Выбрать главу

— Грейс, — из холла долетел знакомый резкий голос еще до того, как доктор Дерборн переступил дверной проем ее кабинета. — Как только закончишь… — он внезапно умолк, увидев сидящего у стены Рэя, и даже сделал полшага назад. — Что вы здесь делаете? — в его голосе послышался оттенок отвращения, и он побледнел. Совсем немного.

— Привет, док, — произнес Рэй с широкой улыбкой.

— Вы знакомы? — спросила Грейс, жутко смутившись.

— Мы встречались, — небрежно ответил Рэй.

Их встреча, вероятно, имела какое-то отношение к неприятному столкновению Триш с дантистом, предположила Грейс. В некоторых вещах, таких как честь и отношение к женщине, Рэй бывал чрезвычайно старомоден. Это в нем говорил южный джентльмен. Правда, порою, он заходил слишком далеко.

Доктор Дерборн перевел на нее более чем встревоженный взгляд.

— Э-э-э, неважно миссис Мэдиган. Это может подождать и до завтра. Или до понедельника. — Пятясь из офиса, он послал ей грустную, вялую улыбку, — ничего существенного.

Грейс работала на доктора Дерборна совсем недолго, но она узнавала страх, когда видела его. Бедный дантист настолько стремился покинуть комнату, что споткнулся о собственные ноги, и, быстро восстановив равновесие, исчез в холле.

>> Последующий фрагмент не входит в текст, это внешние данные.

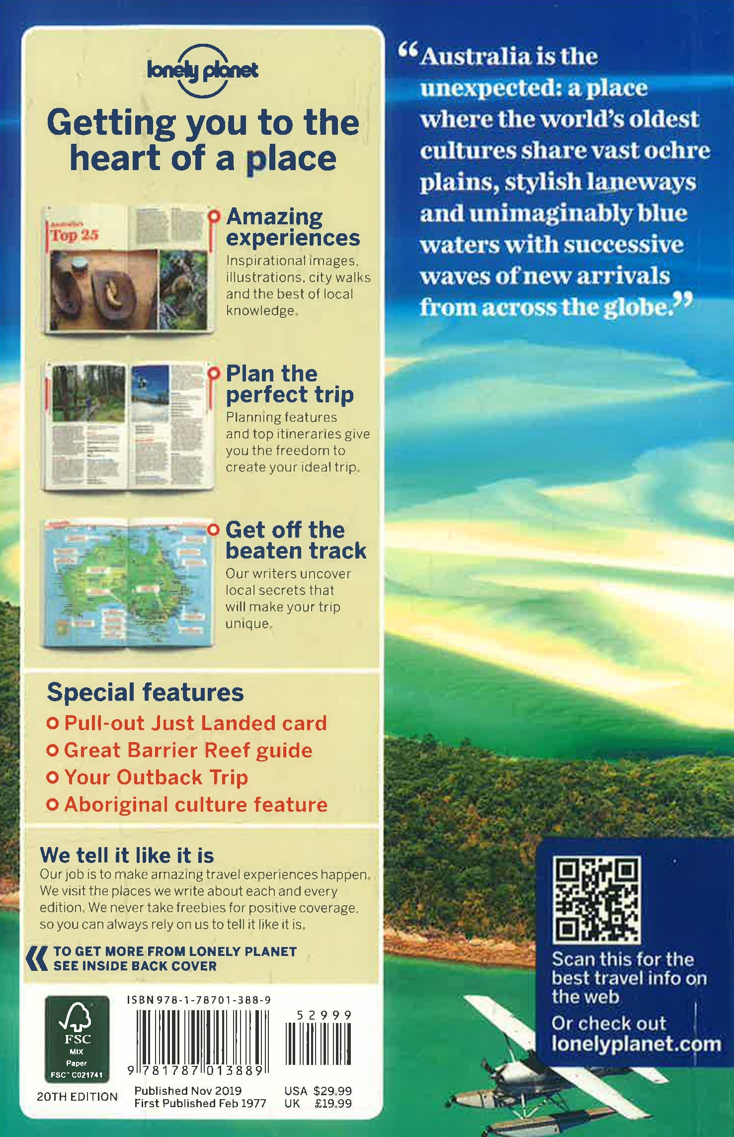 The Perfect Choice: Lonely Planet's Australia is our most comprehensive guide to Australia, and is perfect for discovering both popular and off-the-beaten-path experiences.

— Что, спрашивается, ты сделал… — начала она.

Рэй поднялся, быстро и грациозно.

— Как насчет того, чтобы угостить тебя ужином? — прервал он.

Так даже лучше. Ей не придется слушать, как он благородно защищал бывшую жену номер два от мужчины, которого упорно называл доктором Дулитлом.

Но ужин слишком сильно походил на свидание.

— У меня нет желания куда-либо выходить, — ответила она, открывая нижний ящик стола, чтобы вытащить сумочку. Ох, но оставаться в одиночестве ей тоже не хотелось. Только не сейчас. — Но я могу сама что-нибудь приготовить.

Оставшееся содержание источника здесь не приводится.